**Exercise prompt**. Copy word for word the lines of the records below, beginning at the one with "國家火炬計劃產(chǎn)業(yè)化示范項目證書 |" and finishing at the one with "哈弗车机互联F7是哈弗品牌推", ends included, but none of the pictures.

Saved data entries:
::::

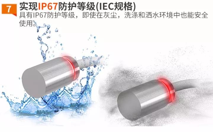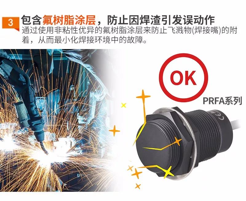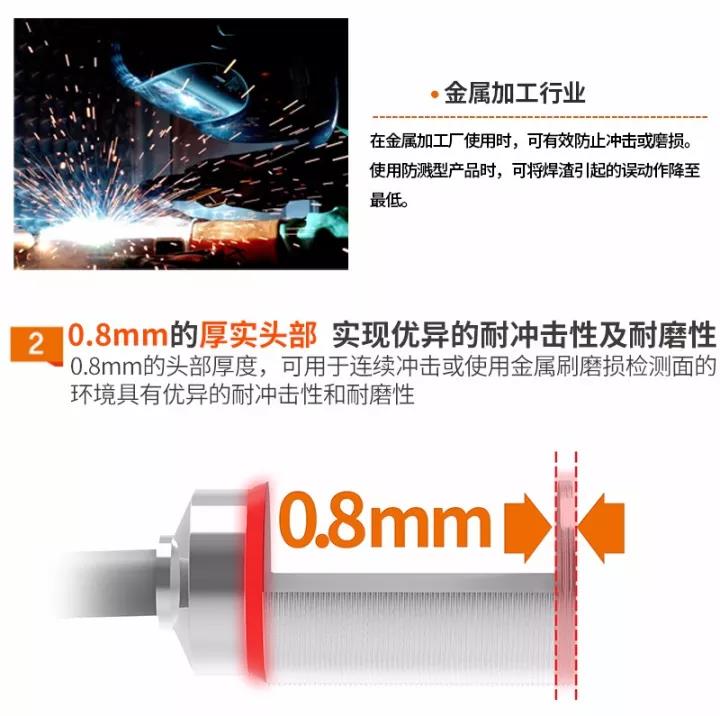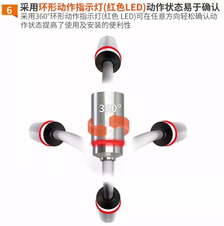 PRF系列圆柱形配线引出型接近开关采用不锈钢303制成的全金属外壳及传感器头部,坚固耐用,具有很强的耐磨损和耐腐蚀能力,可用于各种环境,包括食品和饮料制造,化学和金属加工等行业。 0.8mm厚度的金属开关头部提供了较高的耐冲击和耐磨损性能,360°环型动作指示灯可以让用户从各个角度快速识别动作状态。
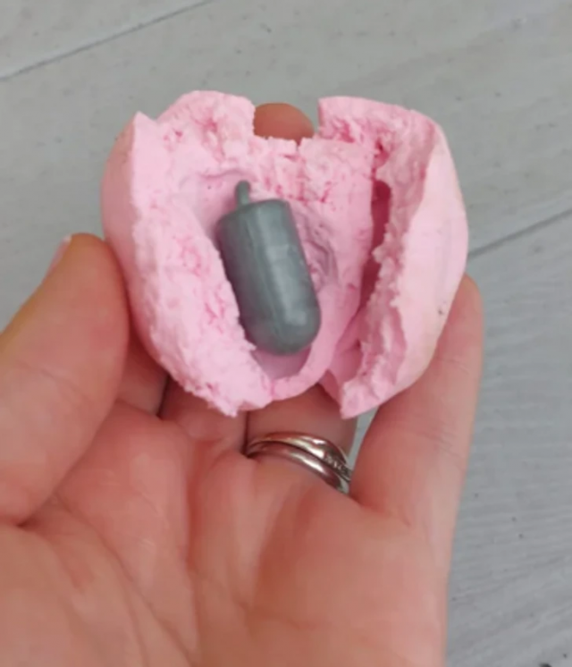 “Someone threw it in our garden. A pink plasticine-like thing with a metal object inside. What is this?"
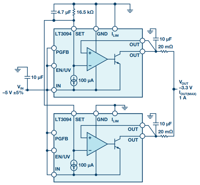 LT3094 可以轻松并联以增加输出电流。图 3 显示了使用两个并联的 LT3094 实现 1A 输出电流的解决方案。为了使两个器件并联,将 SET 引脚连接在一起,并在 SET 引脚和地之间放置一个SET 电阻 RSET。流过RSET的电流为 200 µA,是单个器件中 SET 电 流量的两倍。为了获得良好的均流特性,LT3094 的每个输出都使用一个 20 mΩ 的小镇流电阻。
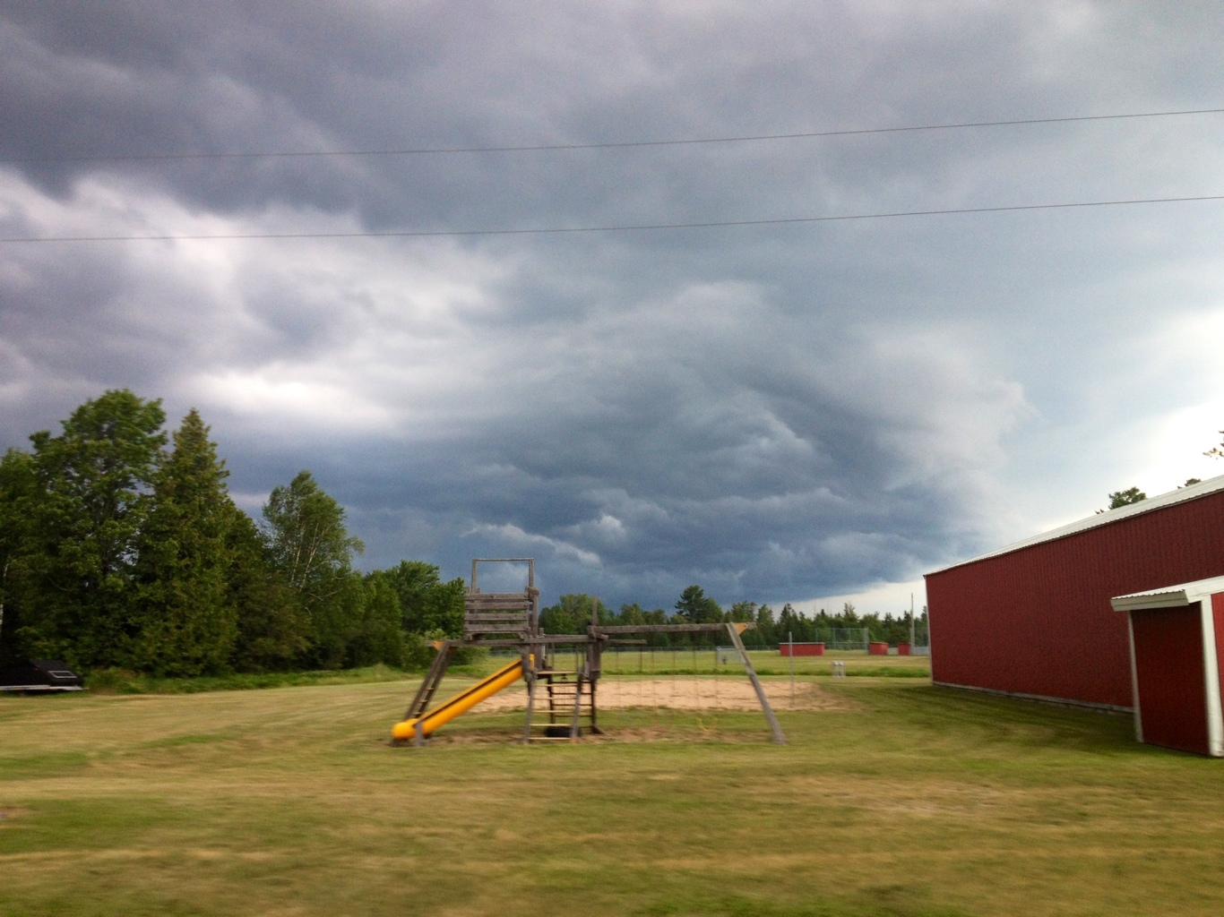 With hot sunny days upon me, the sun bakes me out of the tent once again and into the swing set I camped under the night before. I set a goal for myself to make my way back into Canada in two days, crossing from one Sault Ste. Marie to another. That means about three hundred kilometers by the end of the day on Sunday. I follow route 28 all day with its modest road shoulders. I decide to wear my orange reflective vest as my shirt for the day to make myself more visible.
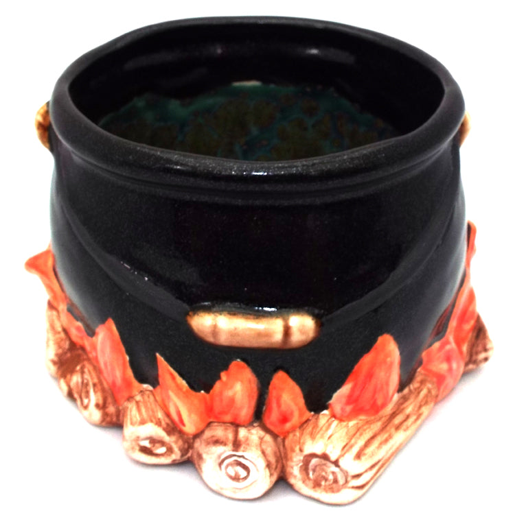 A small, locally hand crafted, part glazed, cauldron shaped ceramic burner for incense cones or incense. Measures approx 85mm wide by 73mm tall.
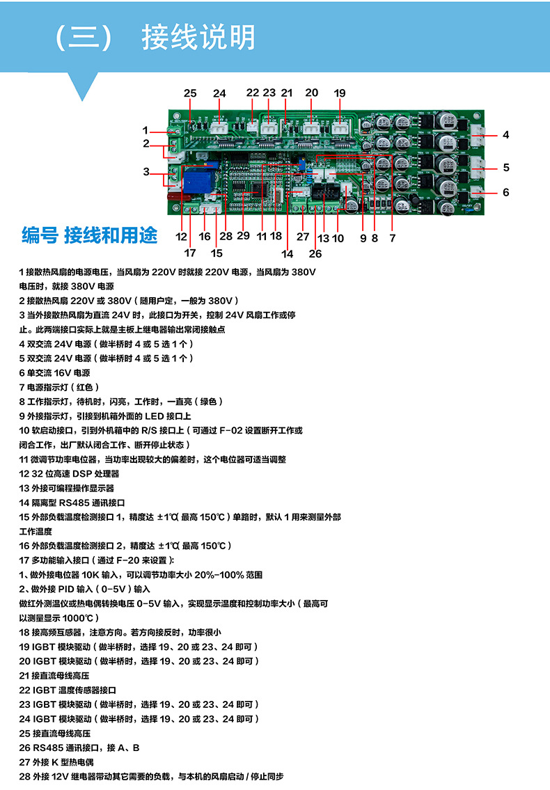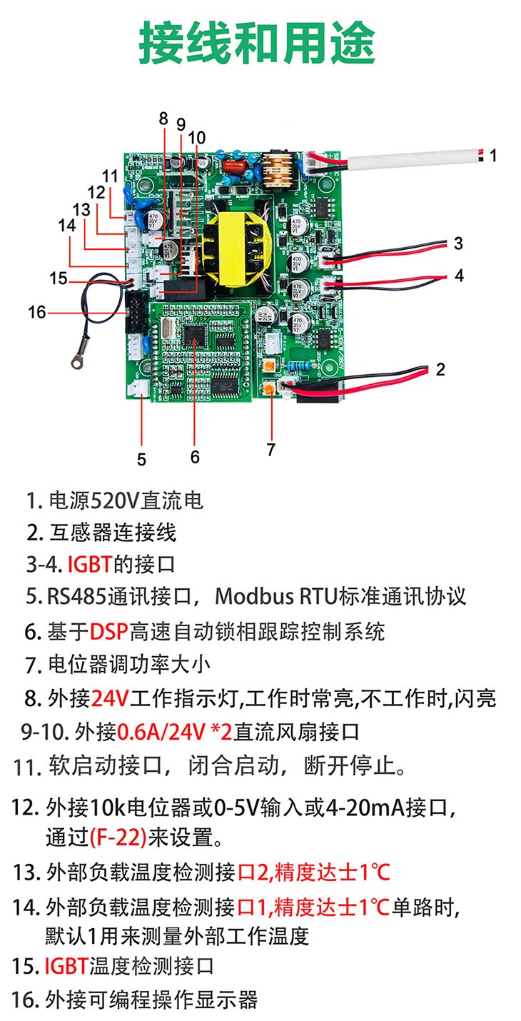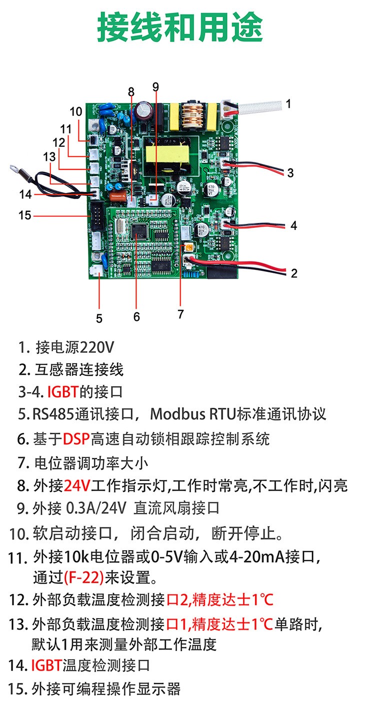單相半橋1KW~10KW或三相全橋/半橋5KW~30KW電磁加熱驅動板,能應用于簡單的電磁加熱系統之中,也可配套自動化系統,并預留工業485總線與計算機鏈接通訊接口,滿足自動化控制中的接口需求。對于單相可應用于1~10KW電磁加熱驅動,最大可驅動150A/1200V IGBT。對于三相可應用于5~30KW全橋/半橋電磁加熱驅動,最大可驅動450A/1200V IGBT.集成了全數字核心控制器和IGBT驅動器,外部只加IGBT模塊、整流橋堆、諧振電容、散熱器等器件就可以組裝成高性能電磁感應加熱系統
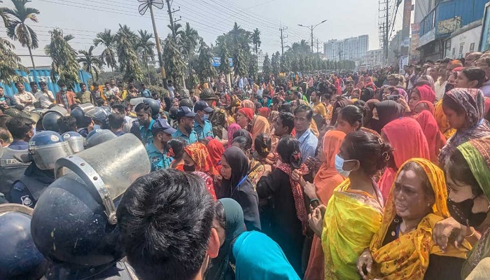 অনলাইন ডেক্স: চট্টগ্রাম নগরের বায়েজিদ বোস্তামি পলিটেকনিক মোড় এলাকায় বকেয়া বেতনের দাবিতে সড়ক অবরোধ করেছেন পোশাক কারখানার শ্রমিকরা। সোমবার (৩ জানুয়ারি) সকালে আনোয়ারা ড্রেস মেকার্স লিমিটেড ও ফ্রাংক অ্যাপারেলস লিমিটেডের শ্রমিকরা এ কর্মসূচি পালন করেন। শিল্প পুলিশের উপ-পুলিশ পরিদর্শক মো. কায়সার হামিদ ঘটনাস্থল থেকে বিষয়টি নিশ্চিত করেছেন। শ্রমিকদের দাবি, গত বছরের ডিসেম্বর মাসের বকেয়া বেতন …
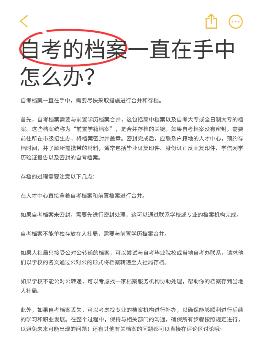 此外,如果自考档案丢失,可以考虑找专业的档案机构进行补办,以确保能够顺利进行后续的学习和职业发展。在整个过程中,保持与相关部门的沟通,确保所有步骤按照规定进行,以避免未来可能出现的问题!还有其他有关档案的问题都可以直接在评论区讨论哦~
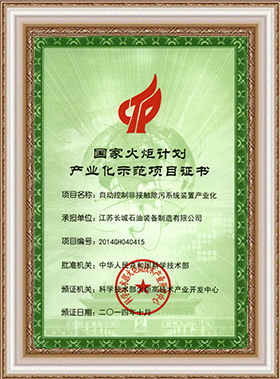 國家火炬計劃產(chǎn)業(yè)化示范項目證書 |
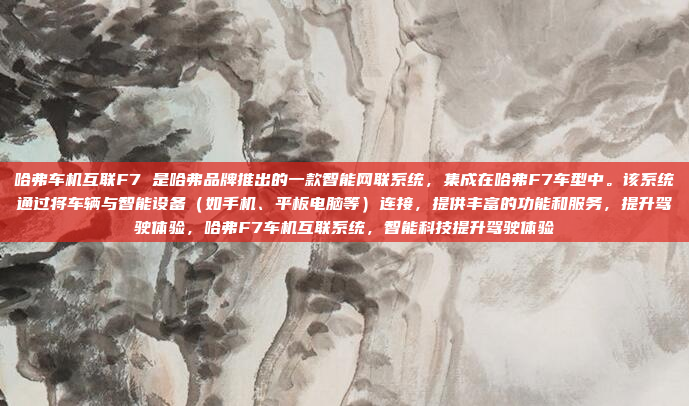 哈弗车机互联F7是哈弗品牌推出的一款智能网联系统,专为哈弗F7车型设计,该系统通过将车辆与智能设备(如手机、平板电脑)连接,提供丰富的功能和服务,旨在提升驾驶体验,用户可以通过系统实现车辆与设备之间的无缝连接,享受包括导航、娱乐、车辆控制等在内的多种智能服务,哈弗车机互联F7通过智能化的解决方案,为驾驶者带来更便捷、更安全、更高效的驾驶体验。
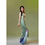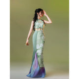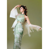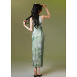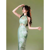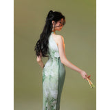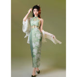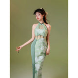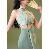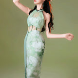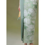 淡いグリーンのベースカラーは、まるで朝霧の中に芽吹いた若葉のよう。滲むような色合いが詩的な幻想を生み出し、風にそっと揺れるクチナシの花が描かれたチャイナワンピース。ホルターネックデザインが、肩から首筋にかけてのラインを上品に引き立て、胸元のシアー素材が、ほんのり透けることでまるで薄霧に包まれた庭園のような神秘的な美しさを醸し出します。ウエストにはレースを切り替えて配置し、繊細な模様が蔦のように絡み合いながら曲線美を描き出しています。東洋の古典的な優美さと、西洋アートのロマンチックなムードを融合させたアイテム。
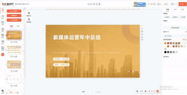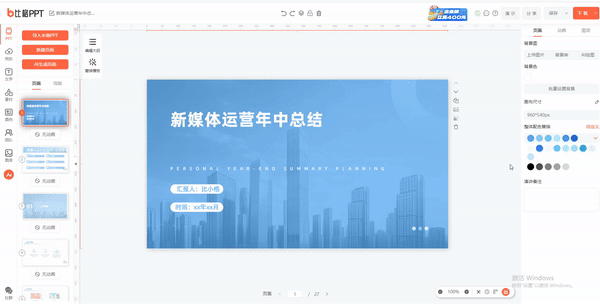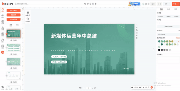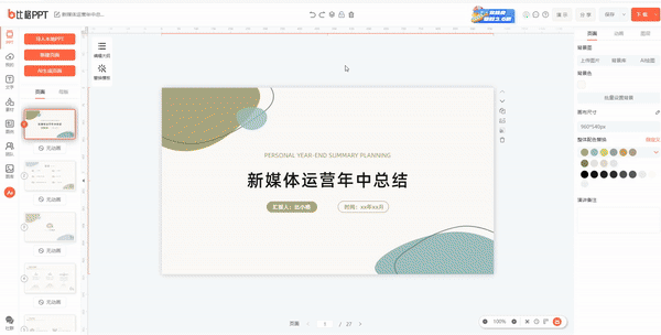 使用筆格PPT制作完成PPT后,點擊右側(cè)配色區(qū)可以選擇不同的配色方案進行整體配色替換。只需簡單的操作,即可瞬間改變整個 PPT 的色彩風格。
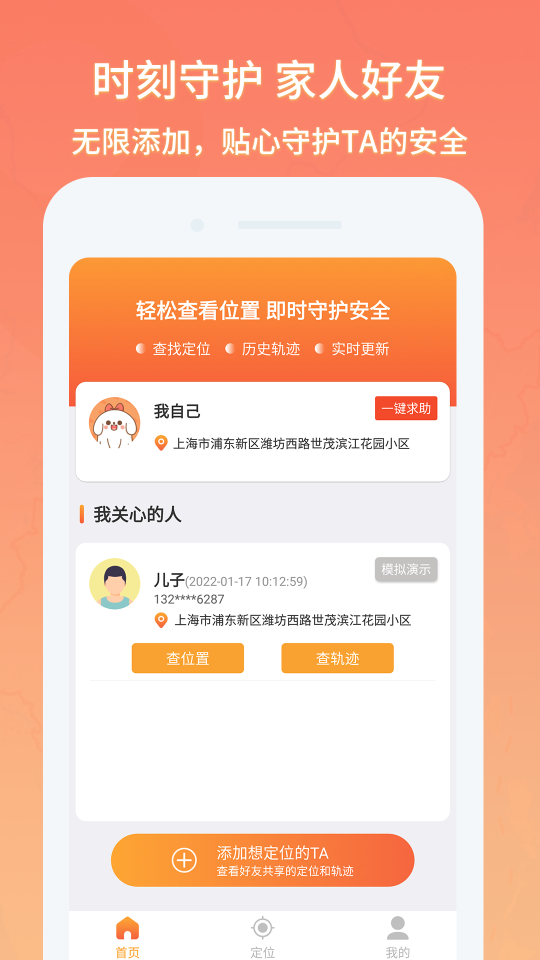 3、安心守护:支持家人、孩子、伴侣、好友等安全守护;

::::

**Result of the task**.
 國家火炬計劃產(chǎn)業(yè)化示范項目證書 |
 哈弗车机互联F7是哈弗品牌推出的一款智能网联系统,专为哈弗F7车型设计,该系统通过将车辆与智能设备(如手机、平板电脑)连接,提供丰富的功能和服务,旨在提升驾驶体验,用户可以通过系统实现车辆与设备之间的无缝连接,享受包括导航、娱乐、车辆控制等在内的多种智能服务,哈弗车机互联F7通过智能化的解决方案,为驾驶者带来更便捷、更安全、更高效的驾驶体验。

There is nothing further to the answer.